Dear Home-Ec 101,
I was looking on your site for information on the best (and hopefully most efficient) way to scrub floors. I found posts on your site about linoleum and mopping, but the only thing I found on scrubbing was a sentence saying that scrubbing floors required significantly more water. I have tile floors in my kitchen and bathroom and 3 young children. They are always dirty, and I have a baby who is crawling on them.
Thanks so much!
Tiled-In Toddler Town
When scrubbing tile, you want to avoid harsh cleaners. Acids usually won’t affect the tile, but they can damage the seal protecting the grout and if the grout is unsealed, they can damage the grout itself. Strongly alkaline cleaners (like bleach) can also damage the sealant.

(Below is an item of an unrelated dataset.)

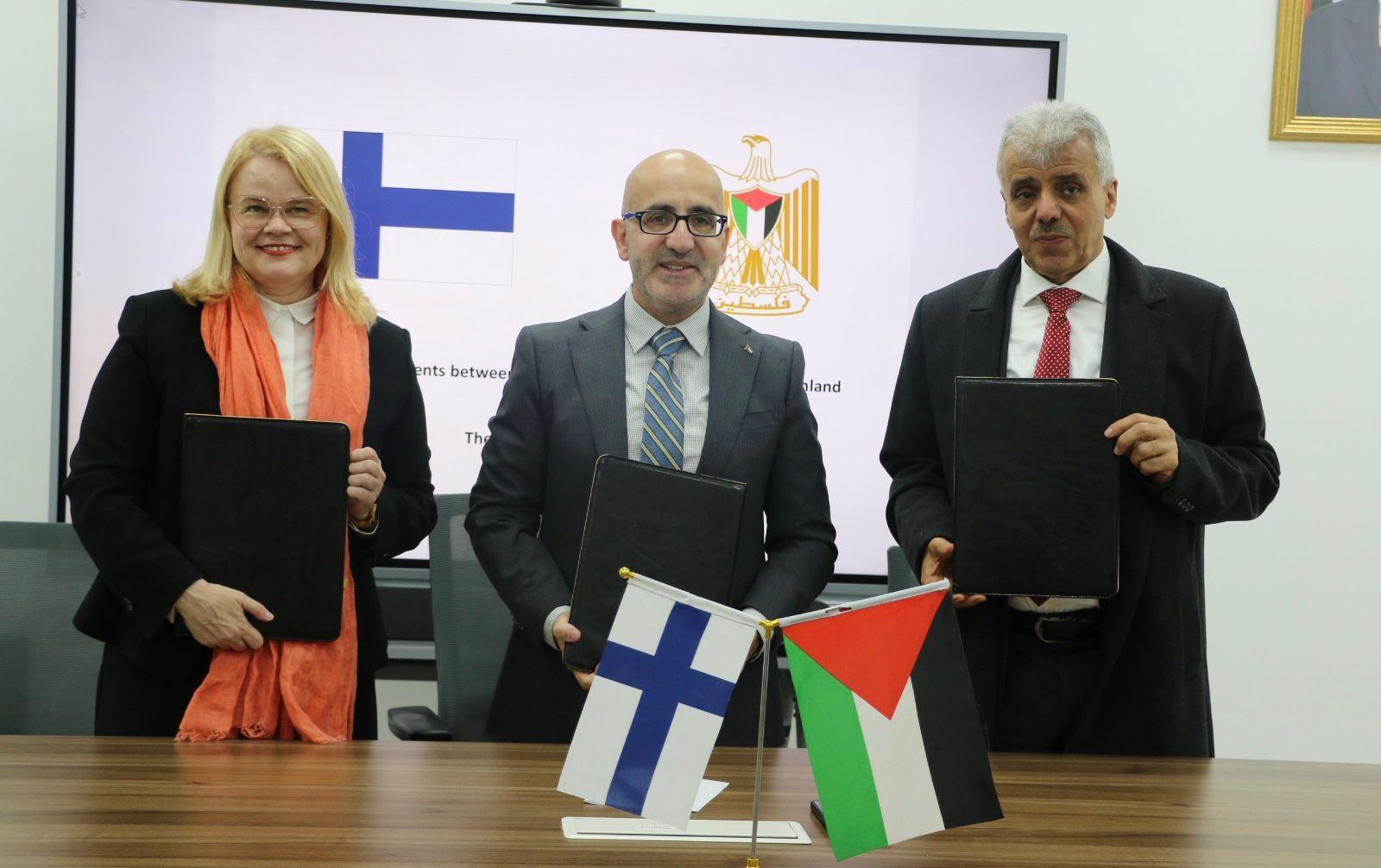 وحضر مراسم التوقيع، وزير التخطيط والتعاون الدولي اسطيفان سلامة، ووزير التربية والتعليم العالي أمجد برهم، وسفيرة فنلندا لدى دولة فلسطين تاريا كانجاسكورتي.
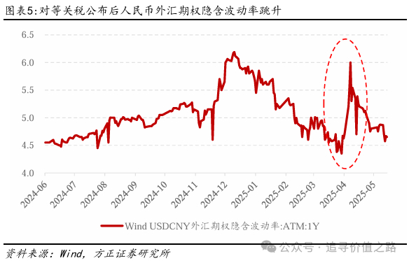 究其原因,本轮异动主要还是受美国4月2日发布的"对等关税2.0"政策影响。美国单边大幅增加对中国关税,显著超出市场预期区间。4月4日,针对美国政府4月2日宣布对中国输美商品征收“对等关税”,国务院关税税则委员会发布公告,对原产于美国的所有进口商品加征34%关税。政策宣布后,USDCNY外汇期权隐含波动率跳升,也侧面反映风险溢价重估。

Before starting, check to see if your grout is sealed. Don’t worry, there’s a very simple test for this. Just sprinkle a drop of water on the grout, if it beads, the grout is sealed and you are on easy street -well as easy as life with three young kids ever is. If the grout darkens where the water was applied, the grout needs to be sealed, pronto. Since it has to be cleaned first, I’ll address how to seal grout in a future post.
You should NOT need to scrub your flooring often. This should only happen a couple of times a year at most or if you’ve slacked for a while and the dirt has had a chance to get comfortable with help from sticky friends like hair spray or spilled food. I have a steam cleaner I use for routine cleaning.
Before starting, sweep or vacuum the room thoroughly. You’ll save a lot of work getting rid of the loose dirt, first.
To scrub a tile floor, you’ll need:
- at least one bucket -I like having a second for rinse water, or I just use the sink or tub in a small bathroom
- mild detergent, preferably pH neutral, but something like the plain original Dawn dish soap will do
- warm water
- a scrub brush
- several old towels
- two rags
- something to kneel on, unless you truly hate your knees and have no plans to wear shorts or skirts in the next week or so
Fill your bucket with warm water, add just a squirt or two of detergent. You don’t want it sudsy, when you are scrubbing, you’re mostly relying on physical energy to remove dirt rather than chemical. (We’ve talked about these mechanisms in the past, in relation to laundry).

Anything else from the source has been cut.